# Lowrance Elite-5 DSI



## Sleestac (Feb 29, 2012)

I just picked up the Lowrance Elite-5 DSI for the PA. The instructions say thru hull mounting is not recommended because it degrades the imaging. I doubt the thin yak hull will interfere with it as much as a fiberglass boat hull would. Any others running this unit and had any problems with mounting it thru the hull?


----------



## Flatspro (Oct 3, 2007)

Almost everyone I know use the thru hull mounting. Kinda hard to mount on the outside under the waterline unless you have a 2013 PA. I think it actually has a mounting plate. I am mounting mine this week and it will be shoot thru.


----------



## Donnie24 (Jan 12, 2013)

I got a Ocean Kayak Trident 13 an i got the Lowrance Mark 4x DSI an i got it mounted through the scupper hole with the Lowrance Scupper Transducer Mount if that helps any!


----------



## fishheadspin (Jun 9, 2008)

The down scan image is what will be effected. It will still work but may not paint that perfect picture of the structure for you. Not sure it the plastic will effect it but it will not work thru a fiberglass boat hull.
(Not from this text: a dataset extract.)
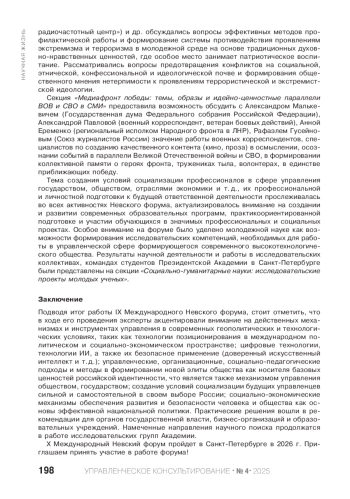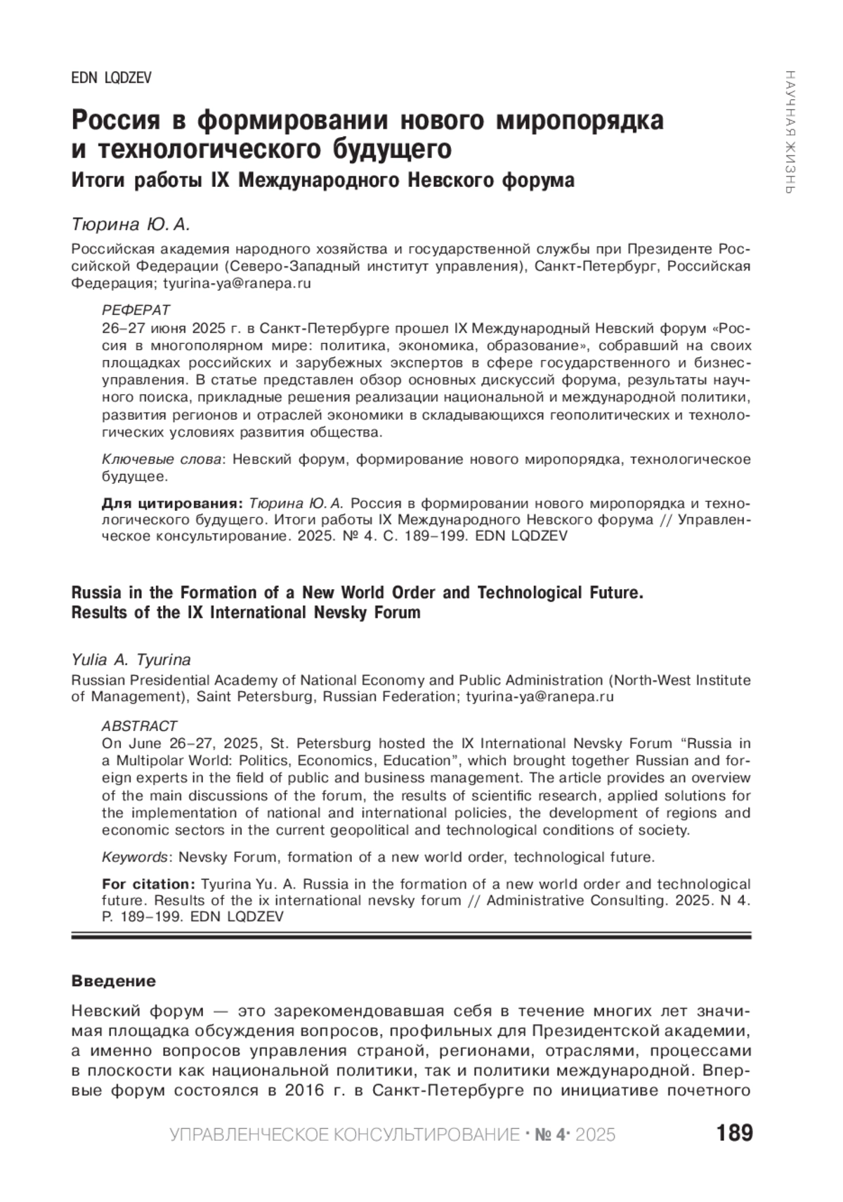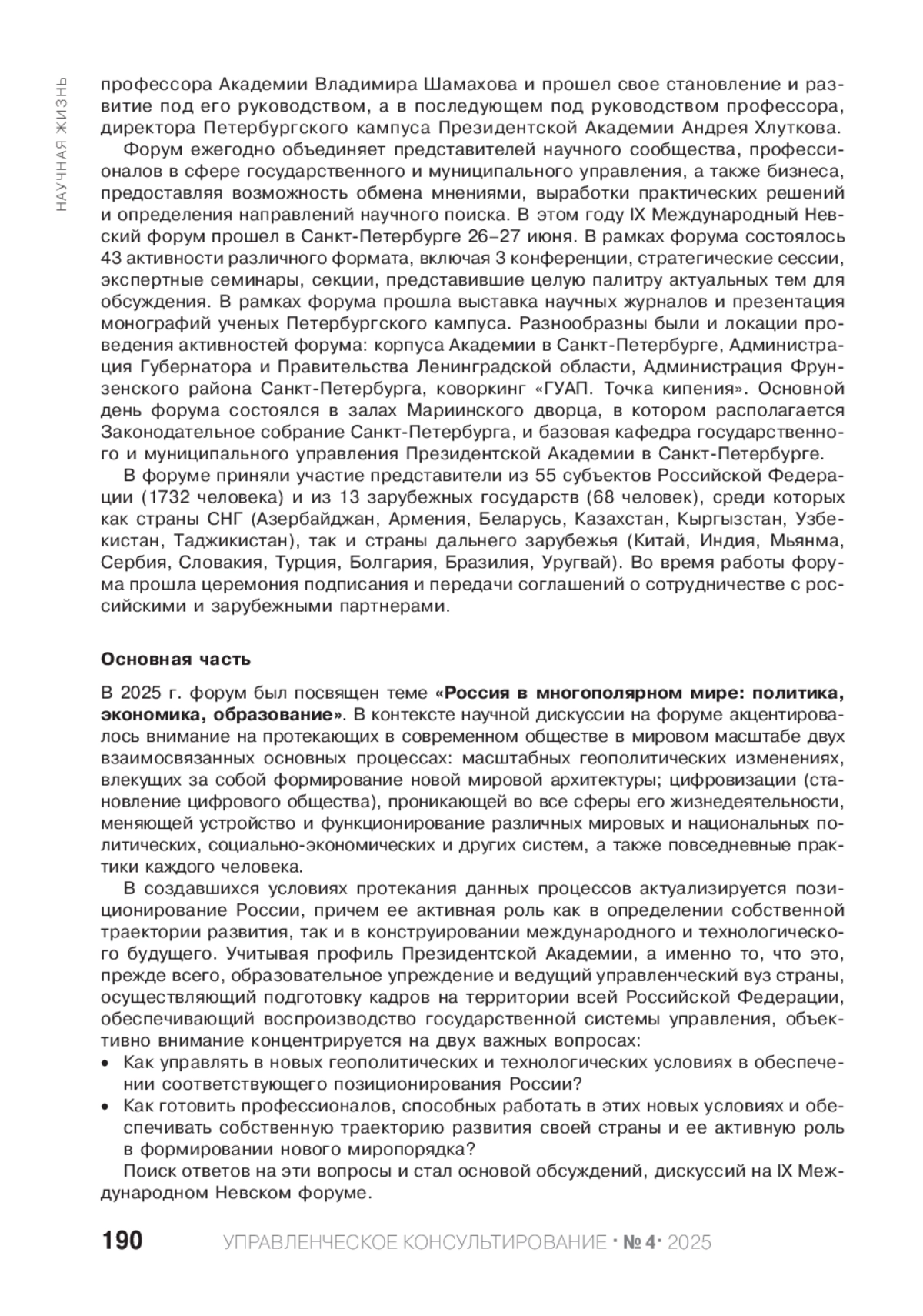 26–27 июня 2025 г. в Санкт-Петербурге прошел IX Международный Невский форум «Россия в многополярном мире: политика, экономика, образование», собравший на своих площадках российских и зарубежных экспертов в сфере государственного и бизнес-управления. В статье представлен обзор основных дискуссий форума, результаты научного поиска, прикладные решения реализации национальной и международной политики, развития регионов и отраслей экономики в складывающихся геополитических и технологических условиях развития общества.

And it does not take much boat turbulence to screw the picture so plastic may hurt your picture.


----------



## Tonka (Feb 5, 2013)

Donnie24 said:


> I got a Ocean Kayak Trident 13 an i got the Lowrance Mark 4x DSI an i got it mounted through the scupper hole with the Lowrance Scupper Transducer Mount if that helps any!


Thanks for the heads up on the scupper mount!! That's the route I will be going!!:thumbsup:


----------